The difference between these two percentages can be interpreted and summarized further. Two common ways of doing this are (1) percentage point differences and (2) relative risk. From the example, it can be concluded that children in 2021 are 12 percentage points more likely to fail to meet the minimum standards and that they have almost twice the relative risk of failing to meet the minimum standards.

Results presented as percentages are often considered useful because they represent a concrete entity (e.g., 26 of 100 or 1 of 4) and are used in many other areas of life (e.g., discounts). However, thresholds of proficiency levels invite recipients to make incorrect interpretations: Many more students “cannot read” today compared to prior years. Competences are continuous, quantitative constructs that are normally distributed; thus, while more students fall under the threshold today, it is not possible to divide students cleanly into those who “can” and “cannot” read. Additionally, thresholds are usually study-specific and therefore produce inconsistent results between studies, even if the underlying differences are the same. Moreover, a percentage point difference can result in different values depending on the relative position of the compared groups to the threshold. Therefore, percentage point differences should not be compared between studies (Hollingshead and Childs, 2011). For instance, the magnitudes of trends over time and gaps between groups depend on the selection of this cut-off score (Ho, 2009).

Relative risks are often considered useful in reporting results because they express differences as multiplicative factors. However, when based on thresholded outcomes such as proficiency levels, relative risks may invite similar misinterpretations as percentage score differences and introduce additional challenges. First, relative risks provide no information about the baseline rate, which is essential for understanding the practical significance of an effect. Second, relative risks can appear dramatic even when absolute differences are small, particularly when the overall prevalence of the outcome is low. While concerns about misleading interpretations of relative risks have been widely discussed in fields such as epidemiology (Novelli et al., 2021) and criminology—where absolute risks are often very low—international large-scale assessments (ILSAs) typically examine outcomes that are more prevalent. Nevertheless, it remains crucial to interpret relative risks in conjunction with absolute risk levels to avoid overstating the magnitude or relevance of observed group differences.

The present study

Communicating differences in achievement to practitioners in education is an important goal of empirical education research. For methodological reasons, LSAs use units of standard deviation as their main statistical magnitude. Interpretation aids aim to make results more accessible and easier to understand for educational practitioners. However, interpretation aids could potentially change the denotation of the result by inflating or reducing the perceived magnitude of differences. Thus, our pre-registered research questions (RQ) and hypotheses (H) are the following:

• RQ1: Do teachers actually perceive interpretation aids as useful?

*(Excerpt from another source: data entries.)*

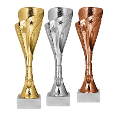 Karikas 9329 Eelmine Järgmine Karikas 9329 Metallkarikas, plastikjalg, kivialus, lisatava alamärgiga. Alamärk sisaldub karika hinnas. Graveeringuga silt alusele. Graveeringu hind vastavalt sildi suurusele. Vali suurus -- h 335mm/kuld (10,00€) h 315mm/hõbe (9,00€) h 290mm/pronks (8,00€) Sarnased tooted Karikas 9257 Karikas 94141 Karikas 4233 Karikas 4234
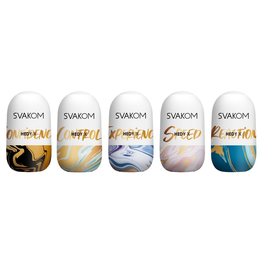 Conjunto de 5 masturbadores amovíveis Hedy X Mixed da SVAKOM, cada um alojado numa prática capa em forma de ovo. A capa funciona como distribuidor de lubrificante, suporte de secagem e espaço de armazenamento sem pó. Cada manga de masturbação é muito flexível e aveludada, adaptando-se a qualquer pénis e podendo ser usada 5 a 10 vezes. O interior possui textura pronunciada e estimulante, ideal para massagens intensas e orgasmos durante a punheta.
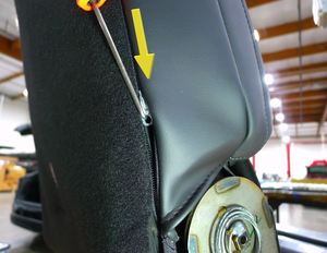 注5 个卡子,2 个 Velcro 扣带,将靠背罩折叠越过头枕以方便后续操作。
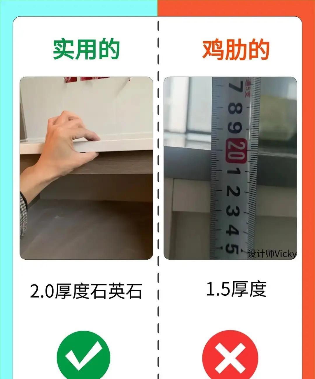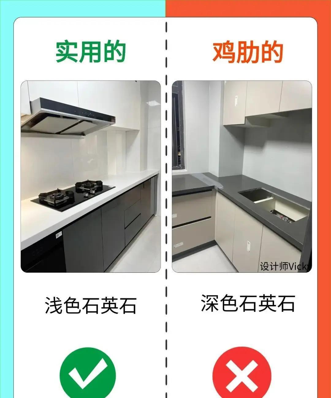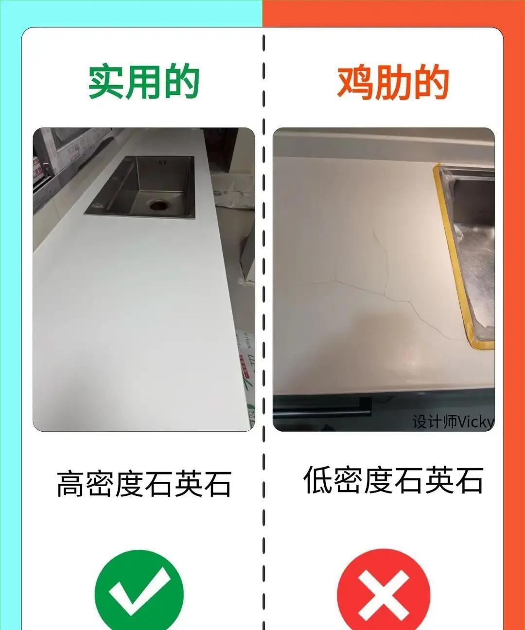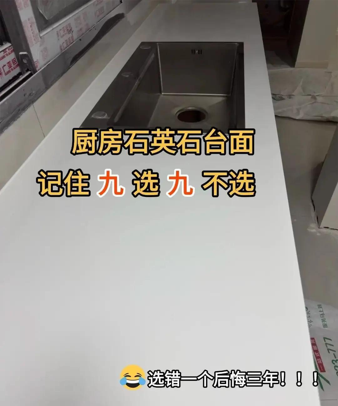 很多人第一块石英石板子,选错就废了。 你以为花大价钱买的“纯石英石”,可能是碳酸钙加树脂。钥匙划完没痕迹?这只是基础。2024年新骗局是“石英砂混合板”,拿白醋滴上去不起泡,才算过关。 买的时候,死磕两个数字:石英含量≥93%,密度>2.4g/cm³。直接问商家要SGS报告,别信口头承诺。厚度选2.0cm起步,预算够就上3.0cm一体厚板,断裂风险直线下降82%。 颜色别纠结。中科院色彩报告证实,浅灰莫兰迪系反射率比深色高40%,长时间备菜不累眼。还有,检查边缘是不是45°斜切带纳米镀膜,圆角处理能让小孩磕碰受伤率降76%。 台面拼接处别做传统挡水条。现在有一体成型的微弧工艺,贵15%,但从此告别霉变发黑的玻璃胶。灶台区域,务必看热膨胀系数,低于4.5×10⁻⁶/℃才能抗住骤冷骤热。 小心每延米600元以下的“特价款”。2024年行业底价监测显示,这价位大概率是钙粉板,用两年就渗色变形。进口品牌也一样,必须让商家出示原产地证明,别为国内代工付进口价。 最后记住三个新功能:抗UV(避免西晒台面变色)、抗菌认证、无痕拼接技术。这不是消费升级,这是2024年合格石英石的入场券。 选对石英石,不仅是选对一块台面,更是选对未来十年,每个清晨的愉悦心情。
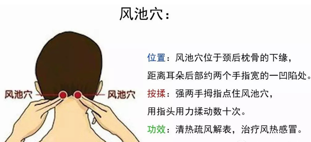 按摩手法同风府穴的手法,此法疏散在表的风邪,点穴开筋,松解局部肌肉痉挛。
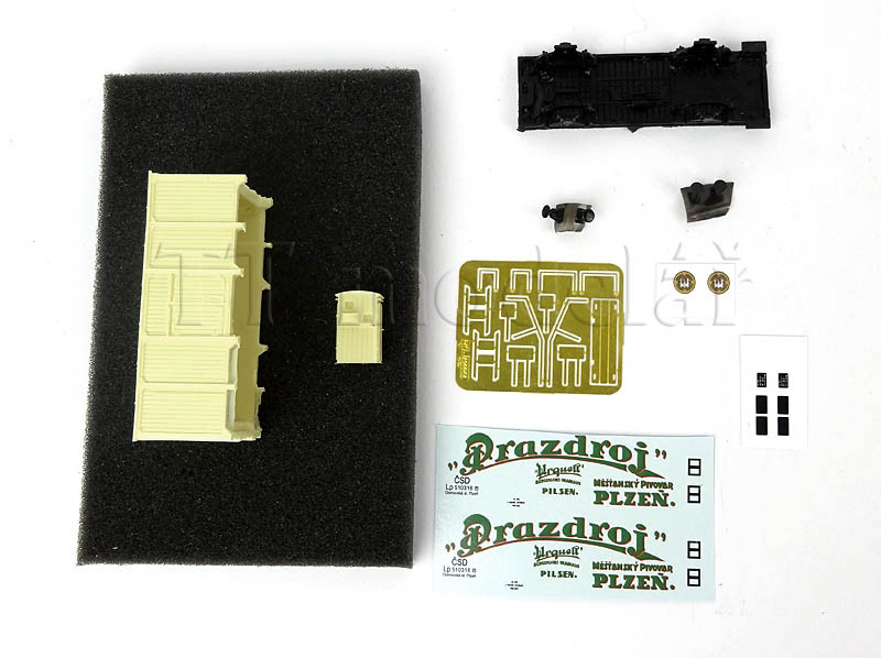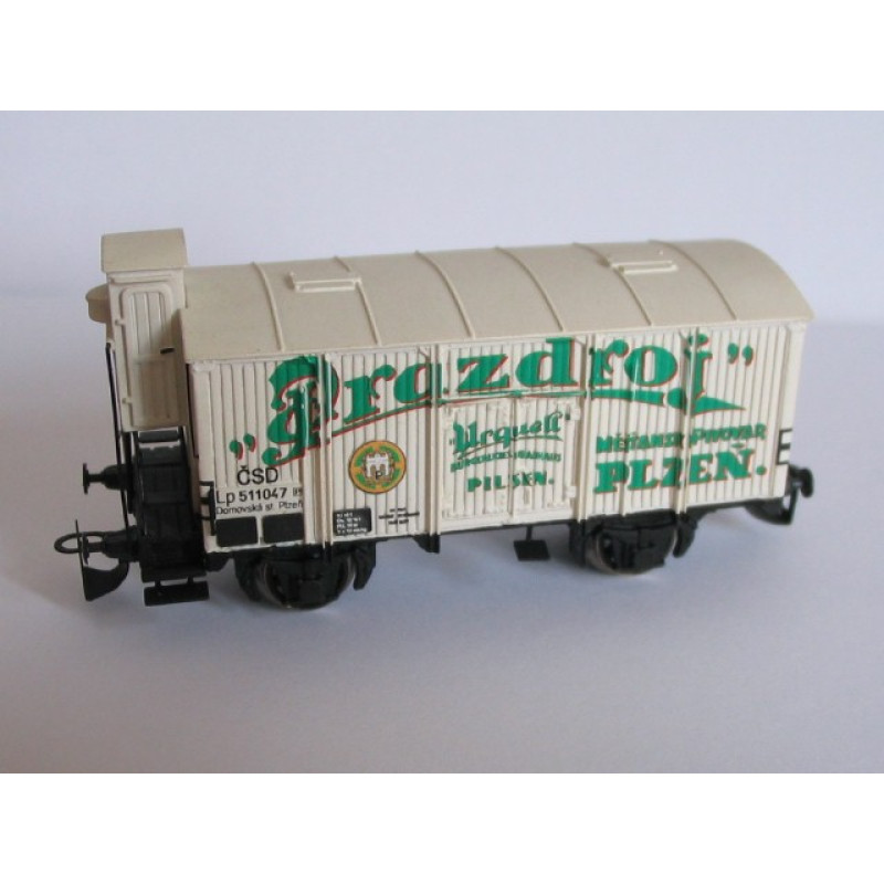 Stavebnice dvounápravového chladícího vozu z rezinu + obtisk s příslušným nápisem: Prazdroj měšťanský pivovar Plzeň, Urquell Pilsen.
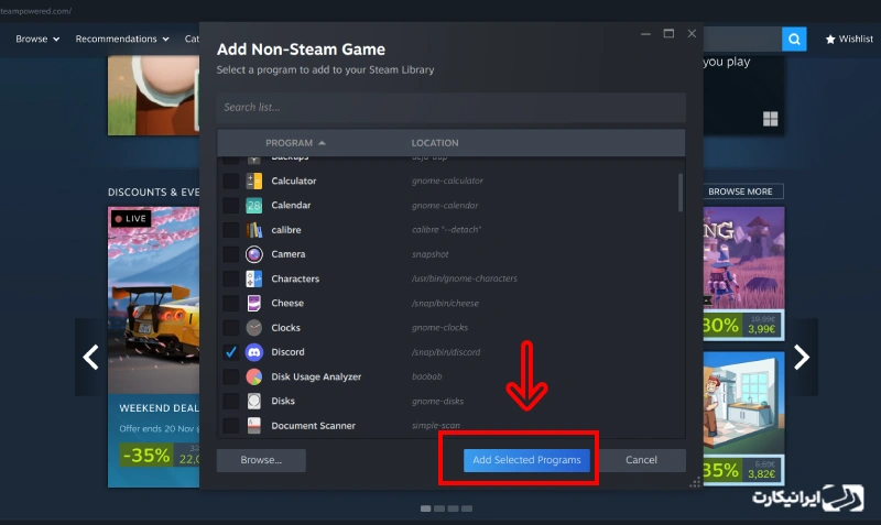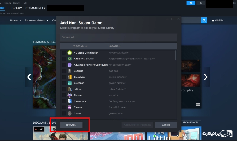 با کلیک روی گزینه «Add a Non-Steam Game»، یک پنجره جدید باز میشود که در آن کل برنامههای نصبشده روی کامپیوتر یا لپتاپ فهرست شدهاند. پساز پیداکردن اسم و آیکون بازی موردنظر، تیک کنار آن را فعال کنید و گزینه «Add Selected Programs» را بزنید.
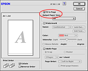 Select the Fit to Page check box in the Layout dialog box (Macintosh).
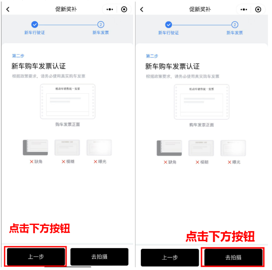 点击【去拍摄】可选择直接拍摄或者从相册上传。必须使用真实有效的机动车销售统一发票。
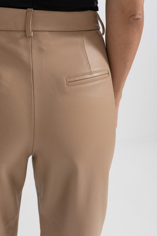 33% İndirimDekoratif Dikişli Deri Düz Paça Pantolon - Bej
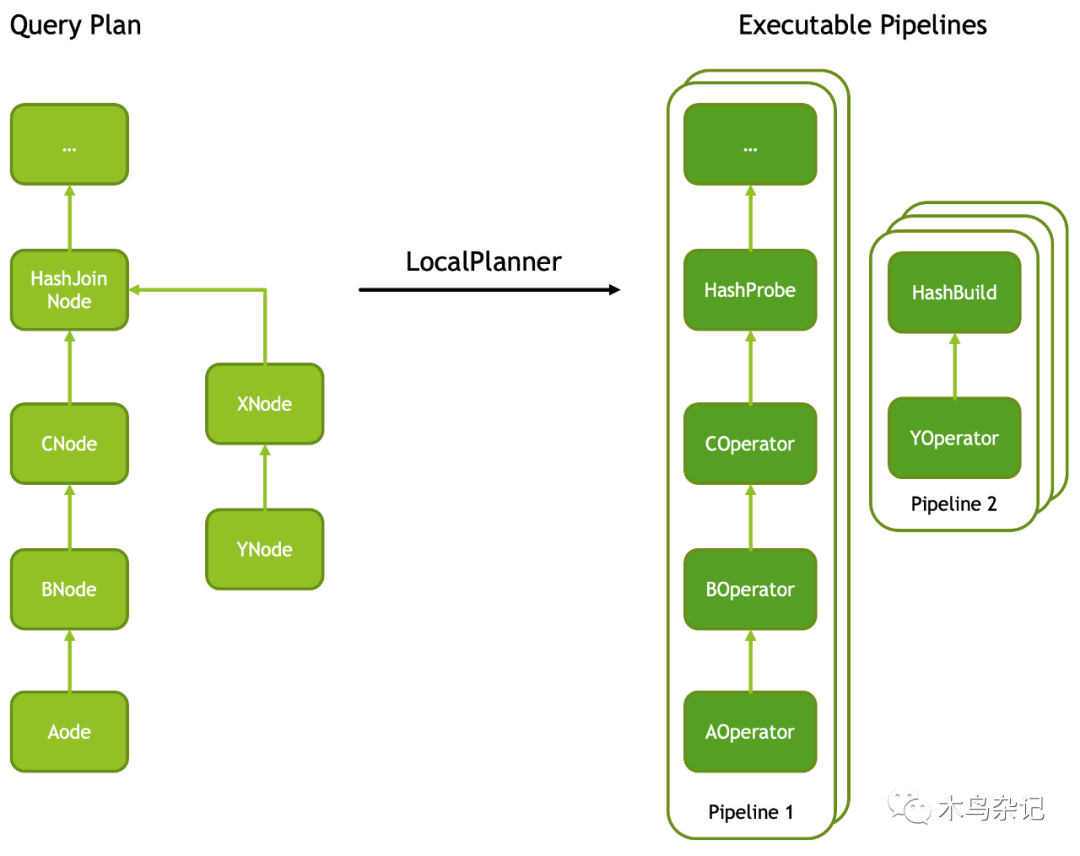 近些年来,基于推(push-based)的流派渐渐火起来了,DuckDB、Velox 都属于此流派。类似于将递归转化为迭代,自下而上,从叶子节点进行计算,然后推给父亲节点,直到根节点。每个算子树都可以拆解为多个可以并行执行的算子流水线(下图源,Facebook Velox 文档[8])
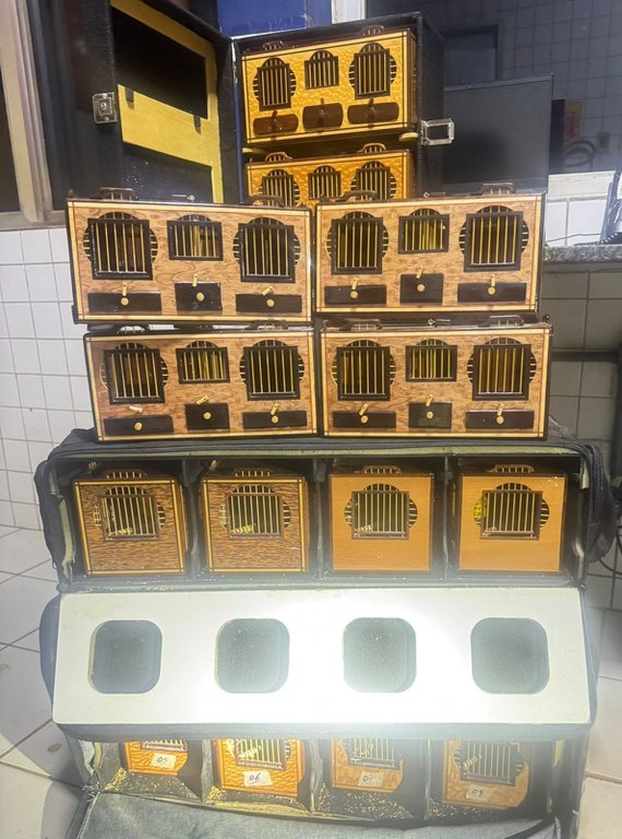 A apreensão aconteceu após abordagem da PRF a um veículo de passeio. Durante a inspeção no automóvel, os policiais encontraram diversas gaiolas de pequeno porte no banco traseiro.
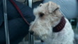 Close up of Wire Fox Terrier at an outdoor cafe in London, England.
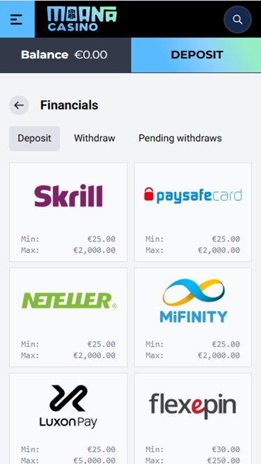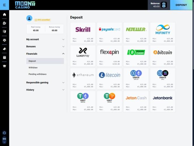 支払い方法については、銀行振込、 Google Pay 、 Apple Pay 、 Skrill 、 Neteller 、 Paysafecard 、 MiFinity 、 Neosurfなど、複数の決済方法をご利用いただけます。また、ビットコイン、ビットコインキャッシュ、イーサリアム、ライトコイン、テザー、 USDコインなどの暗号通貨で資金を管理できます。
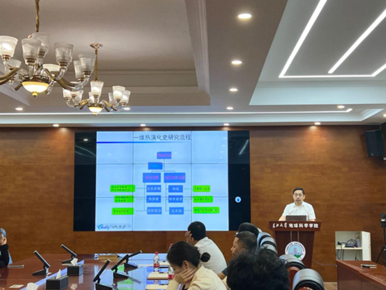 会议第一项,许教授作《油气动态定量成藏模拟新模式及在地质研究中的应用实例》专题报告。首先,许教授向师生们分享了个人求学、工作及创业经历。他谈到自己曾经在胜利油田分公司勘探开发研究院、斯伦贝谢中国(北京)公司任工程师一职,目前担任东北石油大学客座教授、坤元信达公司总经理。随后,他就地质建模方面知识做详细介绍,带领师生了解含油气系统模拟的六大进展与国内应用的四大误区,并向大家做实例展示。
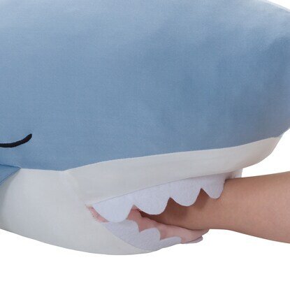 子ザメは手に持って遊ぶのにちょうどいいサイズで、親ザメの方は抱き枕にしたりクッション代わりにしたりするのにぴったりなサイズ。
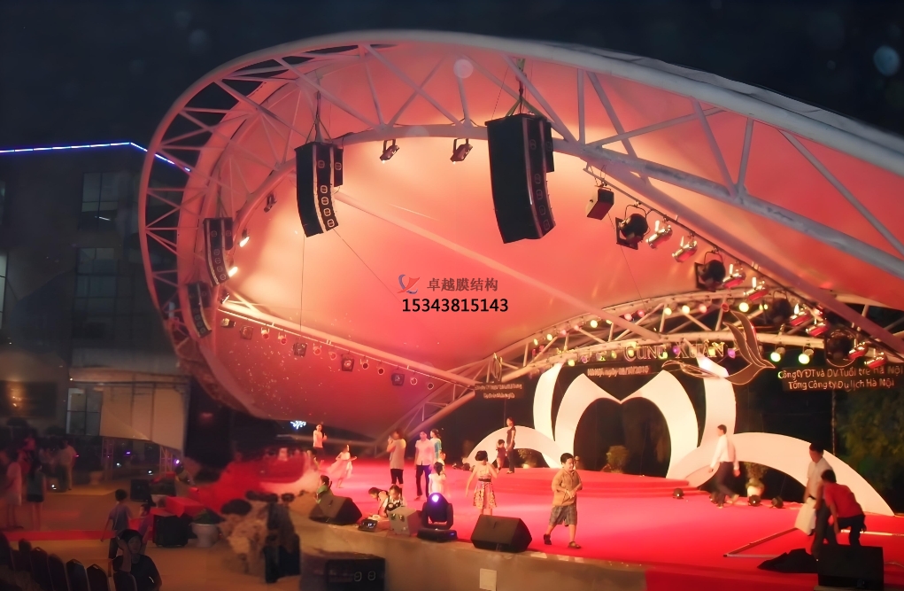 在設(shè)計(jì)膜結(jié)構(gòu)舞臺(tái)時(shí),首要任務(wù)是深入理解演出主題與風(fēng)格。從色彩、造型到整體氛圍營造,都應(yīng)圍繞主題展開。若是一場(chǎng)古典音樂會(huì),膜結(jié)構(gòu)舞臺(tái)可采用簡潔、優(yōu)雅的白色調(diào),搭配流暢的線條,營造出莊重、典雅的氛圍;而對(duì)于現(xiàn)代藝術(shù)展的舞臺(tái),則可以運(yùn)用大膽的色彩和前衛(wèi)的造型,展現(xiàn)出創(chuàng)新與活力。通過精準(zhǔn)的設(shè)計(jì),膜結(jié)構(gòu)舞臺(tái)成為演出主題的視覺延伸,強(qiáng)化藝術(shù)表達(dá)。
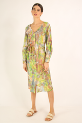 Vestido midi em tecido de linho, abotoamento frontal e cintura regulável com rolotê
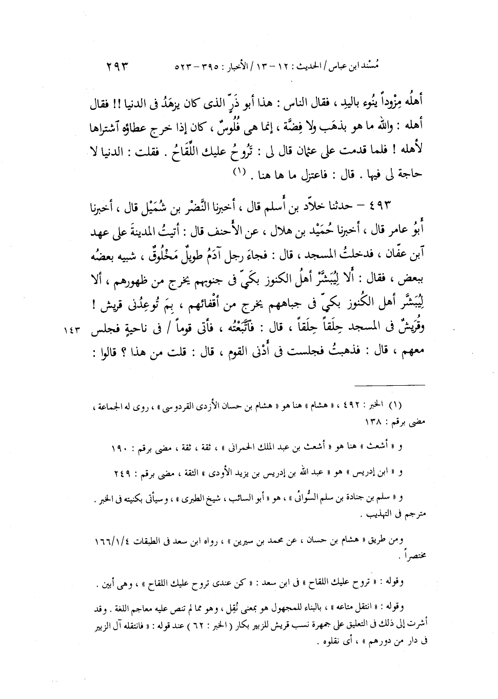 493 - حَدَّثَنَا خَلَّادُ بْنُ أَسْلَمَ، قَالَ: أَخْبَرَنَا النَّضْرُ بْنُ شُمَيْلٍ، قَالَ: أَخْبَرَنَا أَبُو عَامِرٍ، قَالَ: أَخْبَرَنَا حُمَيْدُ بْنُ هِلَالٍ، عَنِ الْأَحْنَفِ، قَالَ: أَتَيْتُ الْمَدِينَةَ عَلَى عَهْدِ ابْنِ عَفَّانَ، فَدَخَلْتُ الْمَسْجِدَ، قَالَ: فَجَاءَ رَجُلٌ آدَمُ طَوِيلٌ مَخْلُوقٌ شَبِيهٌ بَعْضُهُ بِبَعْضٍ، فَقَالَ: «§أَلَا لِيُبَشَّرْ أَهْلُ الْكُنُوزِ بِكَيٍّ فِي جُنُوبِهِمْ يَخْرُجُ مِنْ ظُهُورِهِمْ، أَلَا لِيُبَشَّرْ أَهْلُ الْكُنُوزِ بِكَيٍّ فِي جِبَاهِهِمْ يَخْرُجُ مِنْ أَقْفَائِهِمْ، بِمَ تُوعِدُنِي قُرَيْشٌ» ، وَقُرَيْشٌ فِي الْمَسْجِدِ حِلَقًا حِلَقًا، قَالَ: فَاتَّبَعْتُهُ، فَأَتَى قَوْمًا فِي نَاحِيَةٍ فَجَلَسَ مَعَهُمْ، قَالَ: فَذَهَبْتُ فَجَلَسْتُ فِي أَدْنَى الْقَوْمِ، قَالَ: قُلْتُ مَنْ هَذَا؟ قَالُوا -[294]-: كَأَنَّكَ غَرِيبٌ، قَالَ: قُلْتُ: أَجَلْ، قَالُوا: هَذَا أَبُو ذَرٍّ، قَالَ: قُلْتُ فِي نَفْسِي: مَا كَانَ لِيَجْتَرِئَ عَلَى هَذَا إِلَّا رَجُلٌ لَهُ نَحْوٌ
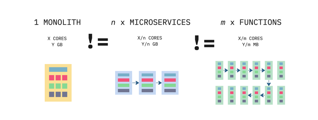 • 网络惩罚 — 与单体和微服务相比,每个函数调用现在都是一个网络跳跃,而不是作为进程内计算共同存在。
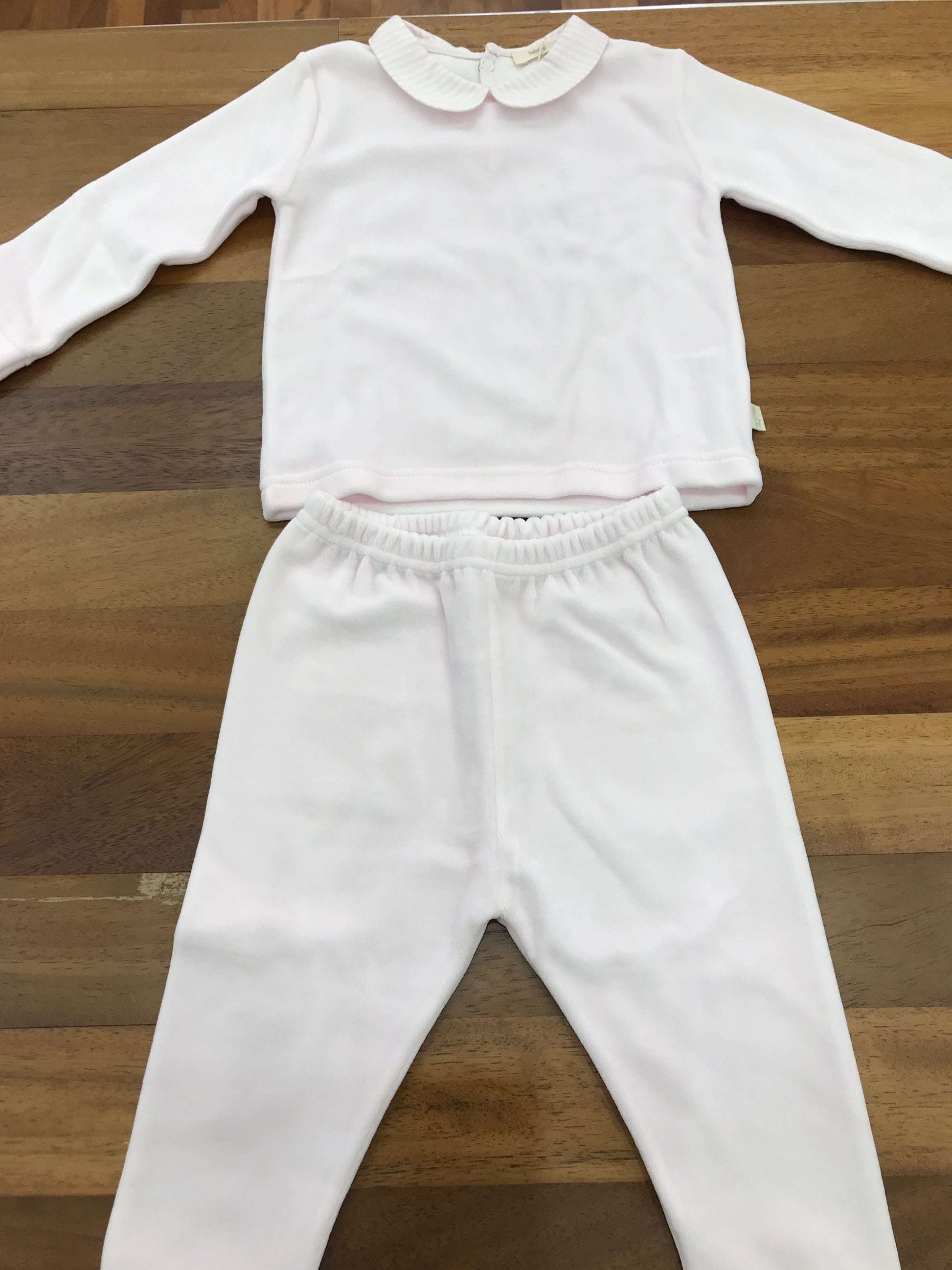 Completo in ciniglia essenziale per neonati, con colletto a righe bianche e rosa.

• H1: Teachers perceived the interpretation aids to be more useful than the points of standard deviation.

We assume that months of learning, percentage points, and relative risk factors improve the perceived usefulness of study results because they enable teachers to relate their real-world experiences with the statistical magnitudes and to associate a more concrete concept with the results.

• RQ2: How does the interpretation aid influence the perceived magnitude of a group difference?

• H2: There is a difference in teachers’ perceived magnitude of differences between interpretation aids.

The numerical values of the interpretation aid, as well as the numerical distances between the reported LSA results, differ. Therefore, there is a risk that the interpretation aids may alter the perceived magnitude of the group differences.

Methods

Participants

The sample comprised N = 75 in-service teachers with diverse demographic characteristics. The average age of the teachers in the sample was M = 40.76 years, with a standard deviation of SD = 12.64 and a range from 22 to 67 years. In terms of gender, 86.67% of the teachers identified as female. The average number of years the teachers have been in the profession is M = 12.24, with a standard deviation of SD = 9.93. The range of teaching experience extends from 0 to 40 years. Zero years means participants have been working in a school for less than a year. The sample includes teachers from different school levels. Specifically, 34.67% of the teachers worked at the primary level, 33.33% at the lower secondary level, and 32.00% at the upper secondary level (including schools with a vocational orientation). The participating teachers rated their familiarity with statistical concepts as rather low, with a mean of 2.40 on a scale of 1–5 (SD = 0.85). Among the interpretation aids, teachers ranked grade-level comparisons first (most familiar), percentage point change second, differences on standardized scales third, and relative risk fourth (least familiar). Please find a detailed description of the teacher familiarity ratings in Appendix C.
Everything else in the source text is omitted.